Set down, exactly as written, the lines from the top of the data to the line that holds "Wisdom is not what we know but how we live.", and omit the pictures.

● DATA BELOW:
========

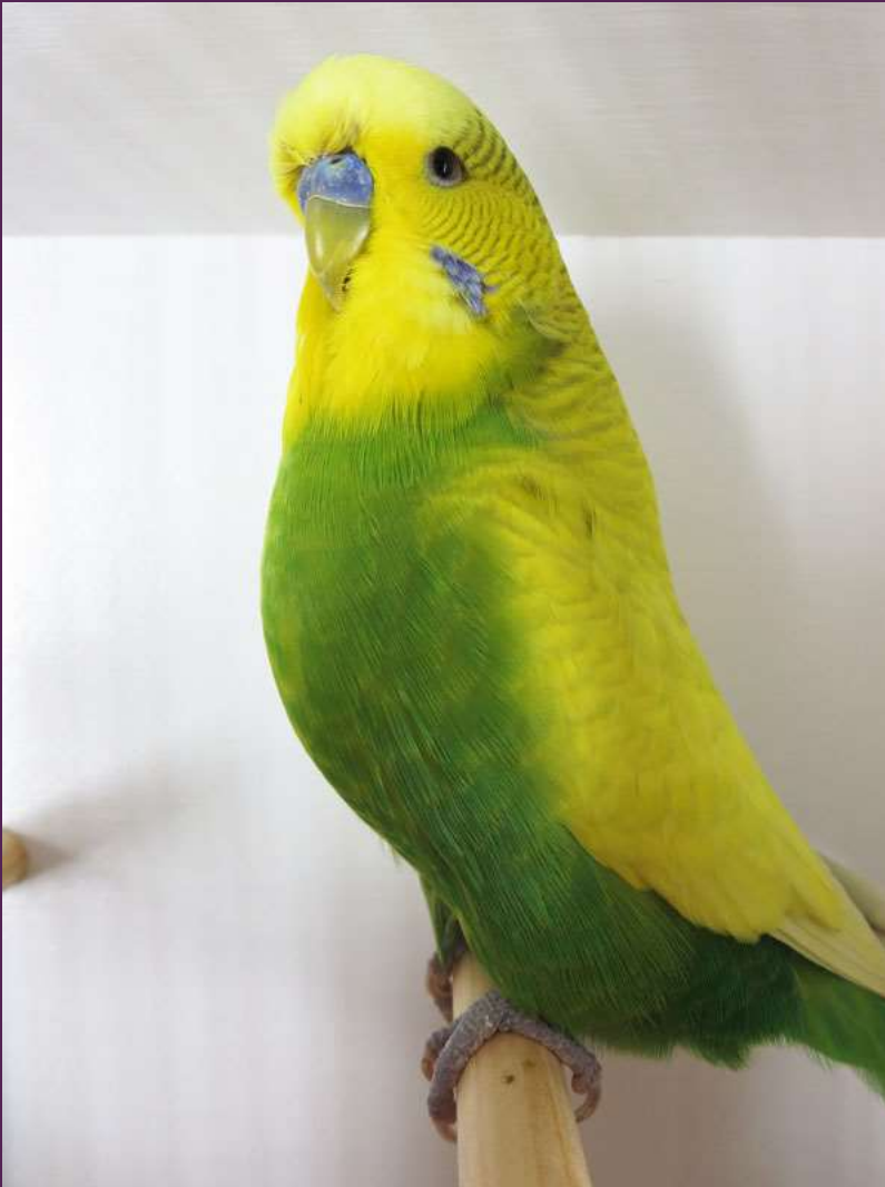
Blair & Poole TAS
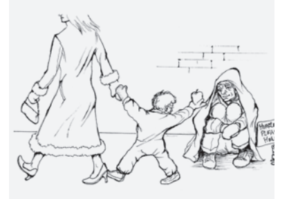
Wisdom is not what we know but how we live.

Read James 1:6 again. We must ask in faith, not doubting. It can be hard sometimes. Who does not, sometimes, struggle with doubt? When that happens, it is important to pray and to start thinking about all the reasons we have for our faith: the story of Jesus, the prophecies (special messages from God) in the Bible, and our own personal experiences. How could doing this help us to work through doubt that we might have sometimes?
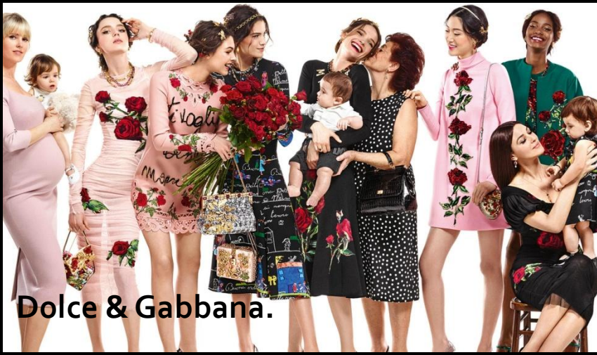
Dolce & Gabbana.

========

● RESPONSE:
Blair & Poole TAS
Wisdom is not what we know but how we live.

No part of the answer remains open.